Required action — In the data that follows, every line containing the word "around" should be returned.

Data provided —
=== Begin Enclosure ===

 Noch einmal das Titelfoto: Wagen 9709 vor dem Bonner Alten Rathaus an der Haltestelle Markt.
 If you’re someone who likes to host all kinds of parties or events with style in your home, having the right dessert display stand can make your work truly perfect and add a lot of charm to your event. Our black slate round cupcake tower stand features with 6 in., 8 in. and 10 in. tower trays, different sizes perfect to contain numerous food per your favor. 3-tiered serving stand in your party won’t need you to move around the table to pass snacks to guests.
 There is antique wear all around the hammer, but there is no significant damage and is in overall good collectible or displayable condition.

=== End Enclosure ===
=== Begin Enclosure ===

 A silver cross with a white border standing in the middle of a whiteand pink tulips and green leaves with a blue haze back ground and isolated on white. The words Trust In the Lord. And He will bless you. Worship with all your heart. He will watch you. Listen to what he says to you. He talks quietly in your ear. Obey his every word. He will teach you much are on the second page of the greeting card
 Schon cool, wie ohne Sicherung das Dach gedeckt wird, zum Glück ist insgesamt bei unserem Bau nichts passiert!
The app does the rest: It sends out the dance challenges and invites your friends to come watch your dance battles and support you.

=== End Enclosure ===
=== Begin Enclosure ===

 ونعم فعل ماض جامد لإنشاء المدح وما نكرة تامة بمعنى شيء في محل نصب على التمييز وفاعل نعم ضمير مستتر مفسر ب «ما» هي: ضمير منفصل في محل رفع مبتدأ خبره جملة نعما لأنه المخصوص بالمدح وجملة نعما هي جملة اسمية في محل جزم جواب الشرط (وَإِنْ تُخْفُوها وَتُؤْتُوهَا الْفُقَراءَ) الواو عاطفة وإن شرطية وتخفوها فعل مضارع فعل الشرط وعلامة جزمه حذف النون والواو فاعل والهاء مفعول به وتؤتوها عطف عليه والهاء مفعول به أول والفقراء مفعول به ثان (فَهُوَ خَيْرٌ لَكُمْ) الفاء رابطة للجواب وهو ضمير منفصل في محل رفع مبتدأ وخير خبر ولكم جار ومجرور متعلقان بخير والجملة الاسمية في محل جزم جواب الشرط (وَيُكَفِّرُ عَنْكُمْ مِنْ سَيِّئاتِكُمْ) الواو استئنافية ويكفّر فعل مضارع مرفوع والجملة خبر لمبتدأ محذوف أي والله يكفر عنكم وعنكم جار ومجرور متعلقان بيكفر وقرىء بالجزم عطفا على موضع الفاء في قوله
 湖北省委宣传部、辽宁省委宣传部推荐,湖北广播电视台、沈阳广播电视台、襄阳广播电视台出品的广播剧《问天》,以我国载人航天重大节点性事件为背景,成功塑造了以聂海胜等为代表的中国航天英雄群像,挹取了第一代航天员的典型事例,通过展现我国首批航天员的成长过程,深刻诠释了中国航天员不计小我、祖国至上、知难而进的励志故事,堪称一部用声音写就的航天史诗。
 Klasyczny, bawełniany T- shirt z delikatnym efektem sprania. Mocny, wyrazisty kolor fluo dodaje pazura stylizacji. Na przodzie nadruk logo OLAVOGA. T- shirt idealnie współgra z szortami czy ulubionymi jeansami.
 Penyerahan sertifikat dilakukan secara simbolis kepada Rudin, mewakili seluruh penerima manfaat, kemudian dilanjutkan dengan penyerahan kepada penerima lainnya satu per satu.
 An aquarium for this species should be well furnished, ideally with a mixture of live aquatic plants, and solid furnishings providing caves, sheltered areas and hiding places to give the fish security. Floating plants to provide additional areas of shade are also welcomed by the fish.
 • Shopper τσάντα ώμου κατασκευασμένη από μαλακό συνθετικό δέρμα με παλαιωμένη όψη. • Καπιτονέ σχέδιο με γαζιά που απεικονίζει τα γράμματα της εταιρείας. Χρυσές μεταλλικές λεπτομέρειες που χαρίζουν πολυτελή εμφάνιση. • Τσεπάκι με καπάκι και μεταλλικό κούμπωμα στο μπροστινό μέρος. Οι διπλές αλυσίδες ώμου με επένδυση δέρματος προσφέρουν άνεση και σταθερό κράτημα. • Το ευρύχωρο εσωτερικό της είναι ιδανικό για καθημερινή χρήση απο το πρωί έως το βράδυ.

=== End Enclosure ===

Written answer —
 If you’re someone who likes to host all kinds of parties or events with style in your home, having the right dessert display stand can make your work truly perfect and add a lot of charm to your event. Our black slate round cupcake tower stand features with 6 in., 8 in. and 10 in. tower trays, different sizes perfect to contain numerous food per your favor. 3-tiered serving stand in your party won’t need you to move around the table to pass snacks to guests.
 There is antique wear all around the hammer, but there is no significant damage and is in overall good collectible or displayable condition.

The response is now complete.